11/06/2026
When I hear fellow trainers say things like sugar is toxic, or act like all you need to do is cut out sugar if you want to be healthy and lose weight, it really gets me thinking about how much influence that narrative still has. Not just on the general public, but on professionals who are supposed to know better.
Because we know it’s not just one singular thing.
We know this. We’ve studied this. We’ve monitored this.
And I think a lot of the time it’s because it’s easier to blame one thing. It’s easier to simplify the problem and point the finger at that. But we’ve been doing that for years, and people still keep running into the same issue, because the issue was never just the one thing they were blaming in the first place.
It was the myriad of other things.
S**t sleep.
Low movement.
Sitting on your arse all day.
Poor planning.
Lack of nutritional knowledge.
Your food environment.
Your beliefs around food.
The way you look at yourself.
The way you grew up around food.
The things people said to you.
Using food for comfort because it soothed some of the negative feelings you were going through.
It’s all sorts of reasons that end up driving a calorie surplus, and that calorie surplus is what drives weight gain.

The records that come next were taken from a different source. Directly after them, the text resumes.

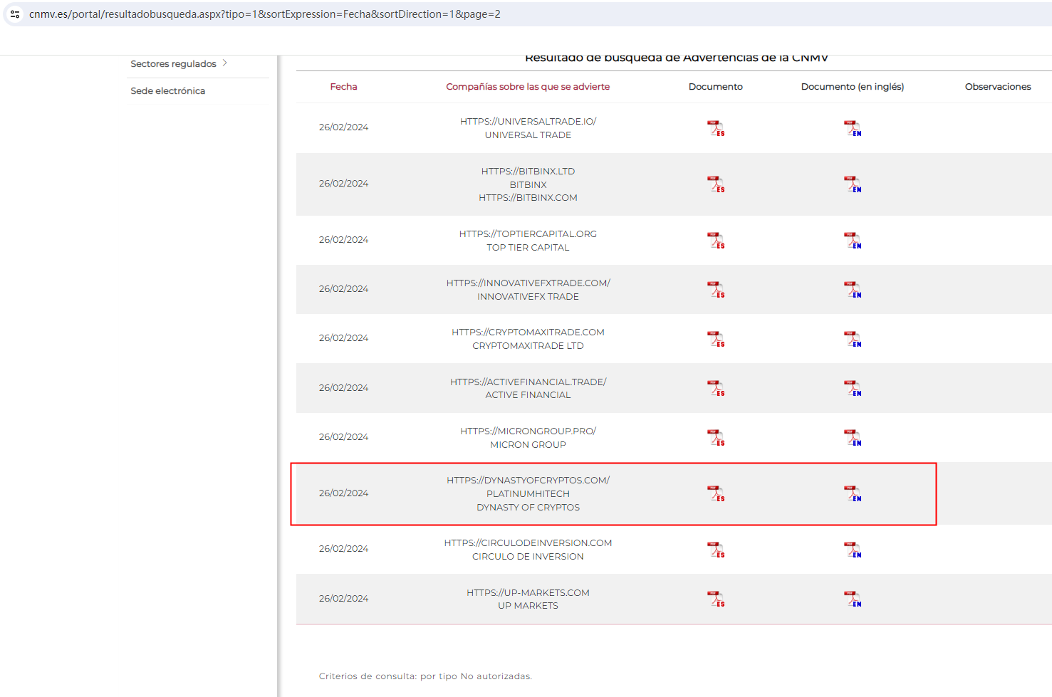 On February 26, 2024, the Comisión Nacional del Mercado de Valores (CNMV) added DYNASTY OF CRYPTOS to its warning list for providing investment services without authorization. https://www.cnmv.es/portal/resultadobusqueda.aspx?tipo=1&sortExpression=Fecha&sortDirection=1&page=2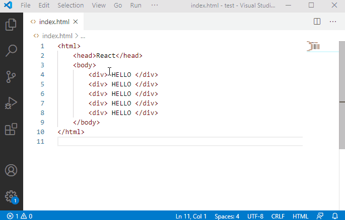 여러 줄이 동시에선택 되며, 한 번에 같은 글자를 여러줄 타이핑할 수 있습니다.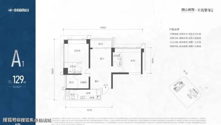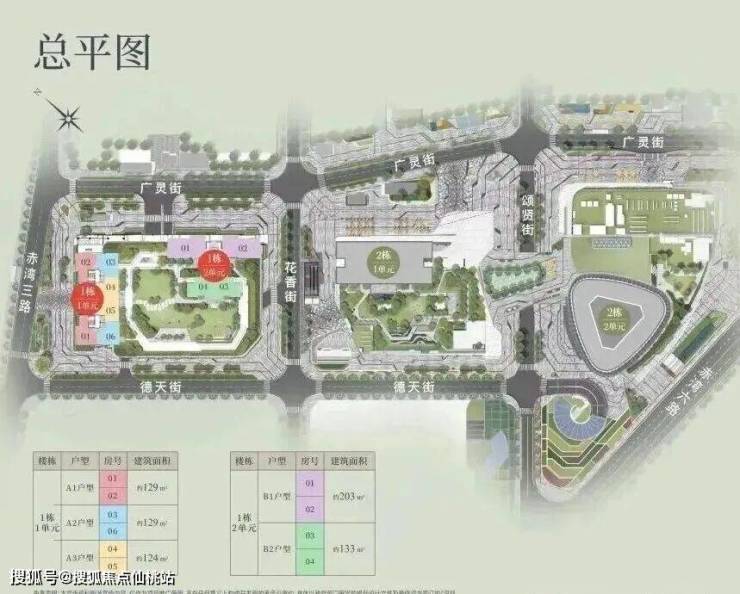 A1有两条腿,分别1-1栋01/02,主朝向是西北向,双龙抱珠格局。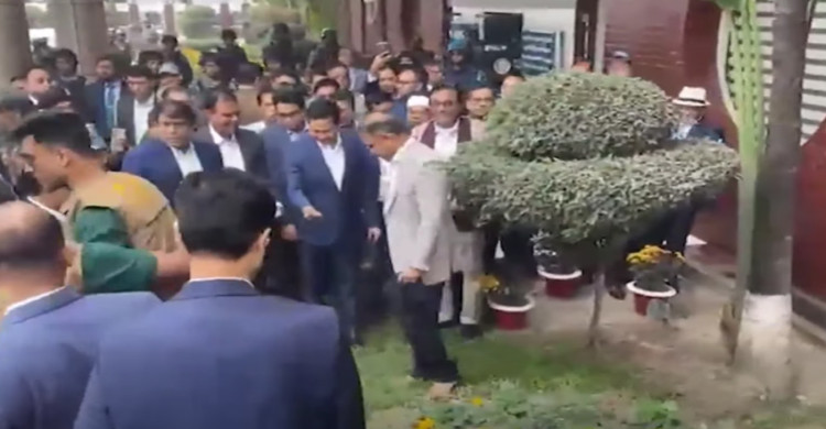 সংবর্ধনা মঞ্চের পথে তারেক রহমান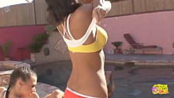 An adorable couple exchange between the redhead with the pink pussy and the brunette with the hairy pussy results from a game between friends.
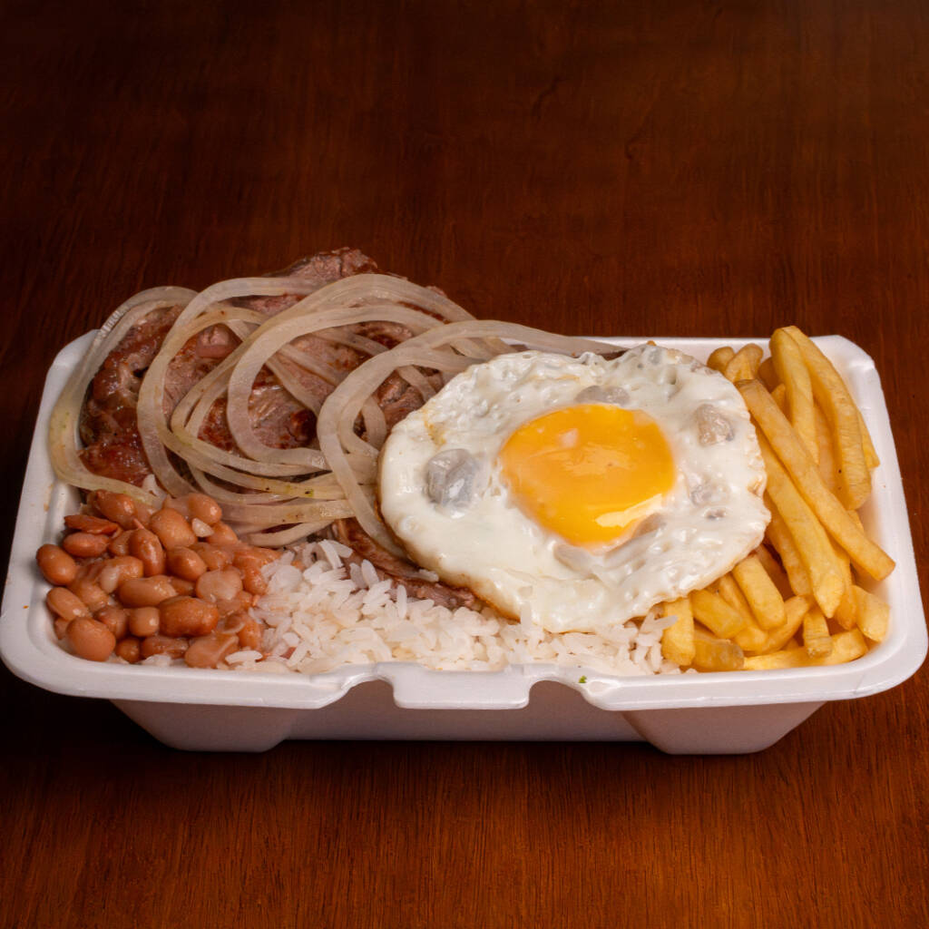 Bife Acebolado com Ovo, Arroz soltinho, Feijão bem temperado e Fritas (800g)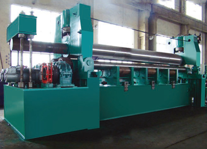 本機(jī)結(jié)構(gòu)型式為三錕對稱式,上輥在兩下輥中央對稱位置作垂直升降運(yùn)動,通過液壓缸內(nèi)的液壓油作用于活塞而獲得,為液壓傳動;兩下作旋轉(zhuǎn)運(yùn)動,通過減速機(jī)的輸出齒輪與下輥齒輪嚙合為卷制板材提供扭矩。本機(jī)床結(jié)構(gòu)緊,操作維修方便。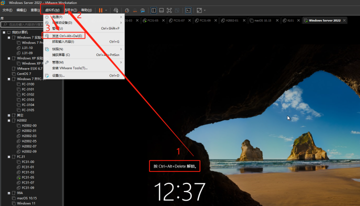 5.23.3 選擇【VM任務欄】-【虛擬機】-【發(fā)送Ctrl+Alt+Del】解鎖server屏幕
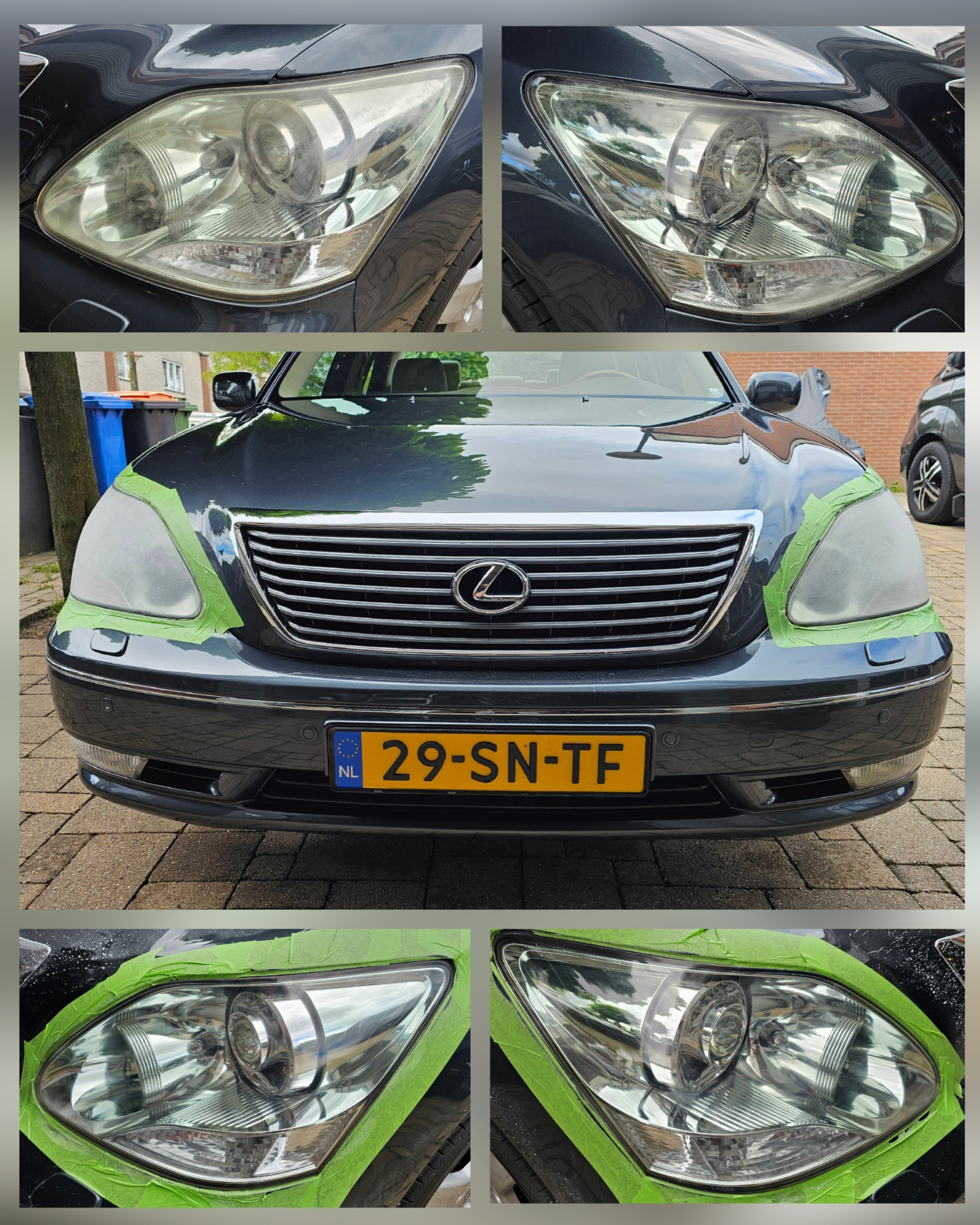 Dat heb ik vandaag ook gedaan met een setje van Maguire, met dit setje heb ik met de hand de koplampen gepolijst maar ze zijn lang niet zo mooi geworden als die van Bobster. Het was een van de dingen die ik wilde doen in mijn vakantie, eerder in m'n vakantie heb ik m'n LS met spul van Detailrs gewassen en in ceramische coating gezet en ben best tevreden over dit spul, hij heeft daar een mooie diepe glans aan overgehouden. Na de koplampen vandaag ook de binnenkant lekker aangepakt, ruiten gedaan, interieur schoongemaakt en leer gereinigd.

And of course, if we’re stuck around the same weight for a long time and finding it difficult to lose, then yes, we’re not in a calorie deficit. But that’s still a simplified way of looking at it.
The more useful question is: what is driving that maintenance or that surplus in the first place?
What behaviours are driving it?
And what is influencing those behaviours?
That’s the bit we should be looking at.
Not sugar per se.
Sugar can be one part of it.
But it is not the sole reason why people struggle to lose weight.